In some cases at least 70%, 80%, 90%, 95%, 99% or 100% of the barcode sequences are not endogenous genomic sequence of the cells (i.e. the barcodes are non-naturally occurring sequence for the barcoded cells). In particular, the population of cells may be of one or more taxonomic species and the barcode sequences are not found in the endogenous genomic sequence of said one or more taxonomic species. In some cases, the maximum sequence identity between the barcode sequence of each barcoded cell and any endogenous genomic sequence of said barcoded cell is 30%, 40%, 50%, 60%, 70%, 80%, 90%, or 95% calculated over the full-length of the barcode sequence.

In some cases the barcodes introduced into the cells comprise a protospacer adjacent motif (PAM) sequence immediately downstream (i.e. 3′) of the barcode sequence.
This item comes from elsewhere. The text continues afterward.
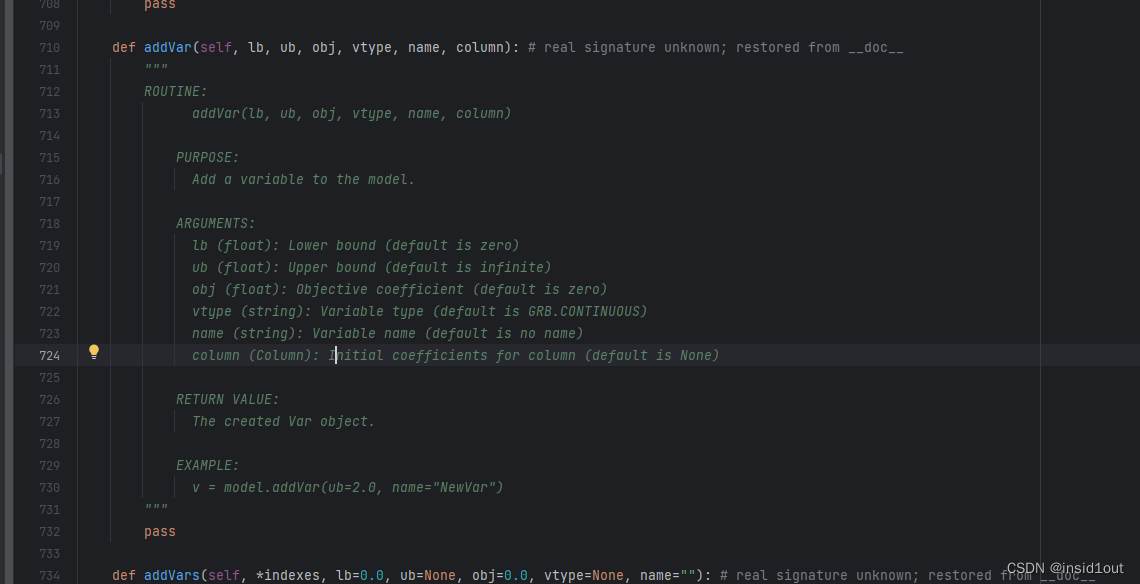 学习gurobi 看到很好的注释格式

In some cases providing the population of cells with the barcode library also comprises providing the cells with a selector gene downstream of the barcode, the selector gene encoding a selectable marker. In particular, the selector gene may encode a fluorescent protein, an antibiotic resistance protein or a cytotoxic protein.

In some cases the selector gene is separated from said barcode sequence by a spacer sequence.

In some cases the selector gene is out-of-frame.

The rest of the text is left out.